Following PM’s warning, Australian industry weighs the real threat from China

Conflict with China escalates on all fronts, online and off, as Australia fast-tracks cyber security investment.

Australia’s cyber security industry has been a flurry of activity in recent weeks, with industry announcements and significant new government investments on the back of an opaque prime ministerial warning that Australia was effectively locked in a cyber war with China.

Australian prime minister Scott Morrison was already raising eyebrows when he offered just a half hour’s notice of a hastily called press conference on 19 June—so important that he had, unusually, requested the presence of the opposition leader as well—putatively to warn citizens to make sure they had updated their iPhones.

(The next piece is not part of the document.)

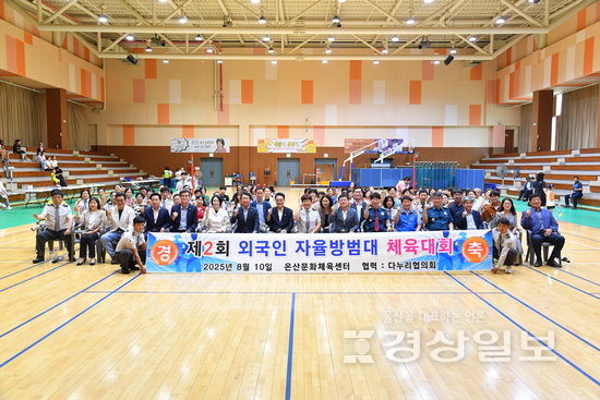 ▲ 제2회 외국인 자율방범대 체육대회가 10일 울산 울주군 온산문화체육센터에서 이순걸 울주군수, 최길영 군의장, 서범수 국회의원, 김현진 울주경찰서장, 군의원 등이 참석한 가운데 개최됐다.제2회 외국인 자율방범대 체육대회가 10일 울산 울주군 온산문화체육센터에서 이순걸 울주군수, 최길영 군의장, 서범수 국회의원, 김현진 울주경찰서장, 군의원 등이 참석한 가운데 개최됐다. 저작권자 © 울산일보 무단전재 및 재배포 금지 신동섭 기자 다른기사 보기 페이스북 트위터 카카오스토리 URL복사 기사공유하기

Yet it was in the hours and days afterwards that the real reason for his press conference—a morning event that began half an hour after news networks were informed of it—that details emerged of an orchestrated series of cyber attacks by a “sophisticated state-based cyber actor on what Morrison called “all levels of government, industry, political organisations, education, health, essential service providers and operators of other critical infrastructure”.

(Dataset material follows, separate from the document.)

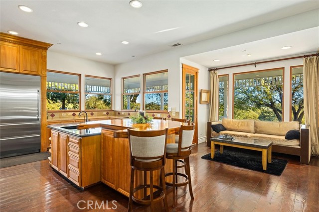 Surrounded by a park-like landscape of 121 mature oak trees, this exceptional 3,467 sq. ft. Australian Queenslander-style residence sits on more than nine stunning acres overlooking the Santa Lucia Mountains, rolling hills, and Paso Robles wine country. Offering rare privacy while remaining just 3.5 miles from downtown Paso Robles, minutes from the 101 freeway, and 25 minutes from the beaches, the estate delivers a lifestyle that feels real, grounded, and deeply connected to the land—perfect for morning coffee on the veranda, exploring the property, or envisioning space for horses and future outdoor uses. A circular driveway framed by towering oaks and a custom fountain creates a memorable arrival, leading to approximately 2,300 sq. ft. of covered veranda ideally positioned for watching breathtaking sunrises and unforgettable sunsets. Inside, the home features repurposed wood flooring, 8-inch baseboards, and 10-foot ceilings, creating a warm, refined atmosphere filled with natural light and authentic character. The grand living room opens through three sets of paned glass doors to peaceful oak-filled views. while a spectacular 2,500-bottle walnut wine room and adjacent study elevate both entertaining and daily living. The chef’s kitchen—anchored by birch cabinetry, walnut/marble/granite countertops, a Sub-Zero refrigerator, and a Viking range and hood—flows seamlessly to the dining room and expansive veranda, making every meal part of the wine-country lifestyle. The private owner’s suite features a cozy fireplace, vinyl plank ceiling detail, 12-inch crown molding, and a spa-inspired bath with travertine finishes, a jetted soaking tub, and a generous walk-in closet. A separate guest wing offers three bedrooms, a central bonus room, and a Jack-and-Jill bath, ideal for extended family, guests, or vacation-rental income. With usable land, equestrian potential, and endless lifestyle possibilities—combined with a fully turnkey, high-demand dog boarding business on-site included in the purchase price—this property is as functional as it is beautiful, creating one of the Central Coast’s most extraordinary residential and income-producing estates.

Morrison declined in his statement to name the nation-state actor, but analysts wasted mere seconds before attributing the attacks to China—which has levelled punishing new trade sanctions and economically damaging propaganda against Australian interests.

SecureAuth APJ head of growth Michael Warnock wasn’t surprised, saying that “an attack at this scale is not a surprise”, particularly given the recent surge in political tensions as Australia asserts itself on the world stage.